Le chromosome X porte le gène TLR7. Les mâles ont un chromosome X et un chromosome Y, tandis que les femelles ont deux chromosomes X.
En conséquence, les hommes porteurs d'une mutation de ce gène seraient plus gravement touchés car, contrairement aux femmes, ils n'ont pas de «copie de sauvegarde» sur l'autre chromosome sexuel.
Cependant, lorsque les chercheurs ont vérifié les bases de données de mutations génétiques humaines, ils n'ont pu trouver aucune des mutations identifiées chez les quatre patients.
Cela suggère que les mutations sont extrêmement rares et ne peuvent pas expliquer le risque accru de COVID-19 sévère chez les hommes.
Dans un éditorial accompagnant l'article, Robert M. Plenge , un scientifique de la société pharmaceutique Bristol Myers Squibb, écrit:
«Sur la base des données de grandes bases de données à l'échelle de la population, il est peu probable que des mutations rares dans TLR7 expliquent le COVID-19 sévère dans la population générale. En outre, il n'y a aucune preuve à ce jour que les variantes courantes du TLR7 augmentent le risque de COVID-19 sévère.
Néanmoins, les chercheurs spéculent qu'il peut y avoir un effet de «dose» du fait que les hommes n'ont qu'une copie du gène. Cela peut signifier que, même en l'absence de toute mutation, ils peuvent produire moins de TLR7 que les femelles.
Un article récent dans Nature Reviews Immunology soulève également cette possibilité.
Indices de traitement
Les deux mutations identifiées chez ces quatre mâles fournissent des informations sur la façon dont le système immunitaire répond à l'infection par le SRAS-CoV-2, à la fois à ses débuts et plus tard, lorsque l'inflammation excessive peut devenir un problème.

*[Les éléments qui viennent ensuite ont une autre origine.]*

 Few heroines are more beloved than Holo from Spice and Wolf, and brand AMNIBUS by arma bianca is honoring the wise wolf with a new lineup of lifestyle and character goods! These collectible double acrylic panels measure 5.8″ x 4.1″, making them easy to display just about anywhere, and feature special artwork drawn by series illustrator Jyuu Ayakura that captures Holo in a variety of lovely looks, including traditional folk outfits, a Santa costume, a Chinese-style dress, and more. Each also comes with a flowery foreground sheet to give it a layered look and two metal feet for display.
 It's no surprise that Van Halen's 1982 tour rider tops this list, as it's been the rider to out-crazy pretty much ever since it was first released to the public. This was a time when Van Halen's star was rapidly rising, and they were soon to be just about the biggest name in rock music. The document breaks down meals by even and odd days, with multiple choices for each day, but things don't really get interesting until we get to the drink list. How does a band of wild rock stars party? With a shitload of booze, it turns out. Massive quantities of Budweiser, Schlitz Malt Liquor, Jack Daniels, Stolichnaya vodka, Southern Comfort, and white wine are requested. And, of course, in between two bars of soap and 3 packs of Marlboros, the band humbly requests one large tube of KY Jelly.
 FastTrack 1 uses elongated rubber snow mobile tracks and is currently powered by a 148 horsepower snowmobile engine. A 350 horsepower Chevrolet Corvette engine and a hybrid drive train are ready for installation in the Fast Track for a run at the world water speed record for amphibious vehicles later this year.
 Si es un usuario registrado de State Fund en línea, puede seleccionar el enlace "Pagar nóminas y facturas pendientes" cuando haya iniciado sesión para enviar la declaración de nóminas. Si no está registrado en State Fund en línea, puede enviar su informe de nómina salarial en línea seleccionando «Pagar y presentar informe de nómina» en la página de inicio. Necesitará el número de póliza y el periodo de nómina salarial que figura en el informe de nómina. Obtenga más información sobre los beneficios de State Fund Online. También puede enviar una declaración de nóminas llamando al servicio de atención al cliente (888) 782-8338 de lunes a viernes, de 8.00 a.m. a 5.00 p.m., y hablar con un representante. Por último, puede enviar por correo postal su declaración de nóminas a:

Plenge écrit que cela peut offrir des indices vitaux pour le développement de meilleurs traitements:
«Bien que de rares mutations dans TLR7 soient peu susceptibles d'être un facteur majeur de maladie grave chez la plupart des individus infectés par le SRAS-CoV-2, l'étude génétique commence à démêler les fondements moléculaires du COVID-19. Au fur et à mesure que d'autres locus génétiques sont identifiés, ces données pourraient conduire à de meilleurs diagnostics et thérapies, y compris la réutilisation rationnelle des thérapies anti-inflammatoires existantes dans les cas d'infection précoce ou de maladie grave à un stade avancé.